0:08:38 - (Matt): I remember when he was in the middle of that project and I would check in with him sometimes. Cause he's helping out with graphics for the blog and things. And I was like, hey, man, how's it going with that sharp icon project? That must be pretty tedious. Is this a bummer for you? I think I've heard him say before, it's sort of like that moment in a superhero movie where everything converged and he's like, I was made for this.
0:09:02 - (Noah): Yeah.
0:09:02 - (D): And so he was just like, no.
0:09:04 - (Matt): I'm having a great time. I love doing this, and that's awesome.

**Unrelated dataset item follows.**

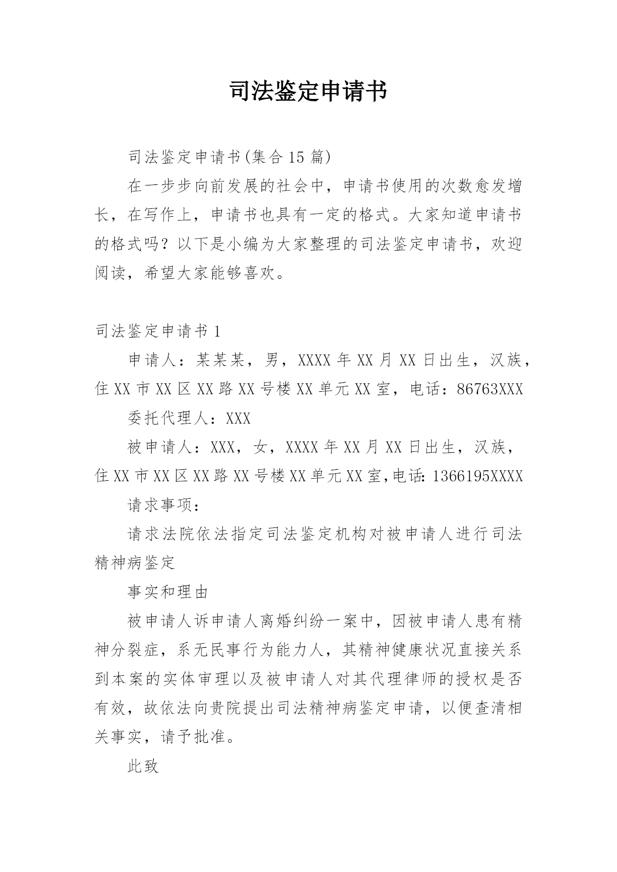 司法鉴定申请书司法鉴定申请书(集合15篇)在一步步向前发展的社会中,申请书使用的次数愈发增长,在写作上,申请书也具有一定的格式。大家知道申请书的格式吗?以下是小编为大家整理的司法鉴定申请书,欢迎阅读,希望大家能够喜欢。司法鉴定申请书1申请人:某某某,男,XXXX年XX月XX日出生,汉族,住XX市XX区XX路XX号楼XX单元XX室,电话:86763XXX委托代理人:XXX被申请人:XXX,女,XXXX年XX月XX日出生,汉族,住XX市XX区XX路XX号楼XX单元XX室,电话:1366195XXXX请求事项: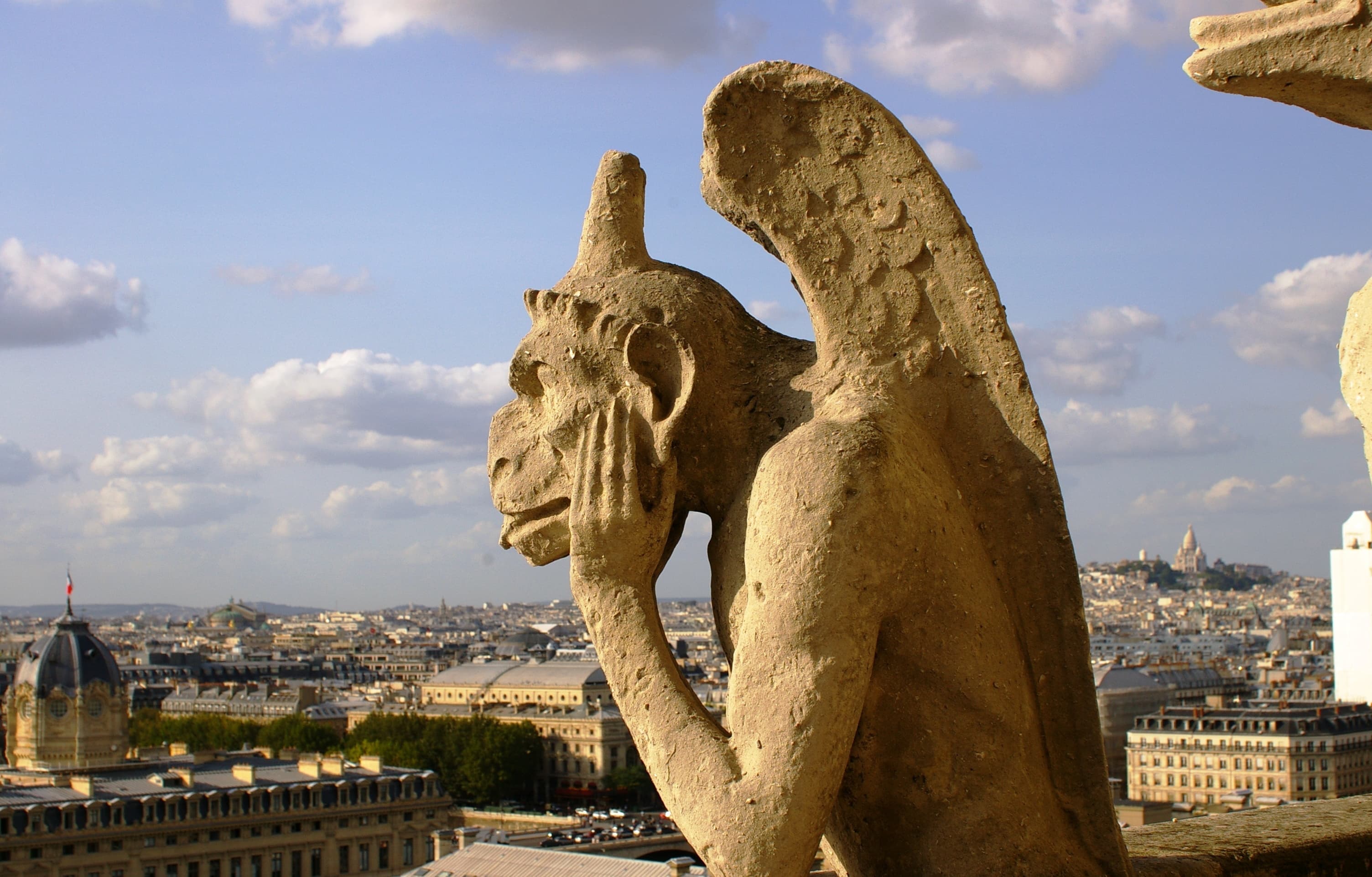 たくさんの観光客を見下ろしている化け物は階段を登らないと会えない 眼下にはセーヌ川と 遠くにエッフェル塔が見える

0:09:07 - (Jory): Yeah, I mean, I love it too. You know how you sometimes have very specific memories? I now associate building the sharp icons, and I don't want to take anything away from Noah because Noah did the bulk of the work. He set the styling, he did most of the icons. But once a lot of that styling was in place, I got sick with COVID And so I was quarantined up in my little guest room and just sat down and just worked because I was so bored just sitting on my computer. And I finished out the duo tone version of the sharp icons, which, oops, that has not even been released yet.

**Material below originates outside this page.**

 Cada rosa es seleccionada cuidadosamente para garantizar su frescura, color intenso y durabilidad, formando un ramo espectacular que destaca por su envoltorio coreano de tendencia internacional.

0:09:44 - (Jory): No, you can keep that in. It is done. We're hoping to release it soon. There's some technical things that we need to work out, but it's pretty often loaded. Yes, it's locked and loaded. I remember, but I just, like, I will always, whenever I think of that style, I will think of sitting in a bed. I plowed through all of the Clone wars animated series while building a bunch of sharp icons and just knocking it out.
0:10:11 - (Jory): I don't know that I would say it was a great experience because I was sick, but kind of was in a happy place. Just like focusing, watching Star wars, designing icons, sitting in the comfy bedroom. It's funny, you have an interesting, I think, take on the sharp icons because you wrote a lot of the copy for the emails. We wrote the blog posts and kind.

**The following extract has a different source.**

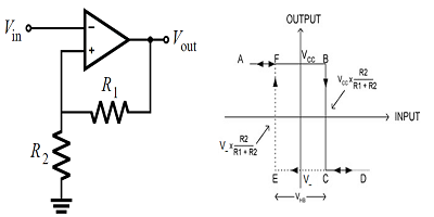 對(duì)于施密特觸發(fā)器,有意添加磁滯以將開(kāi)關(guān)閾值設(shè)置為某個(gè)所需值。對(duì)于基于晶體管的比較器,可以使用分壓器通過(guò)另一個(gè)正反饋環(huán)路將滯后作用于輸出電壓。分壓器中的電阻值決定了磁滯窗口的大小和輸出波形的占空比。反向施密特觸發(fā)器的通用電路如下所示,該電路包括輸出信號(hào)上的磁滯窗口。

0:10:30 - (Matt): Of, that was kind of one of the first big projects for me.
0:10:32 - (Jory): Yeah, yeah.
0:10:34 - (Matt): It was really fun working with you guys. And Noah and I work pretty close together, sort of coming up with a general concept for the copy and some of our phrases that we used, a.
0:10:47 - (Jory): Lot of it was focused around fashion and being classy, right?
0:10:51 - (Matt): Yeah.
0:10:52 - (Jory): Good.
0:10:53 - (Matt): Yeah.
0:10:53 - (Jory): That tied into the video itself where I think I mentioned where it was a fun whip cut where we see Rob walking and you hear, like, it pans across a, like a divider wall or something. And you hear a zipping noise and rob steps out and he's wearing a full tuxedo, and he's like, in sharp family styles.
0:11:12 - (Matt): Yeah.
0:11:12 - (Jory): So good.
0:11:13 - (Matt): Yep.
0:11:14 - (Noah): Yeah.
0:11:15 - (Matt): That image worked perfectly for what we were trying to get across. So writing the copy was super fun. And of course, Noah did an awesome.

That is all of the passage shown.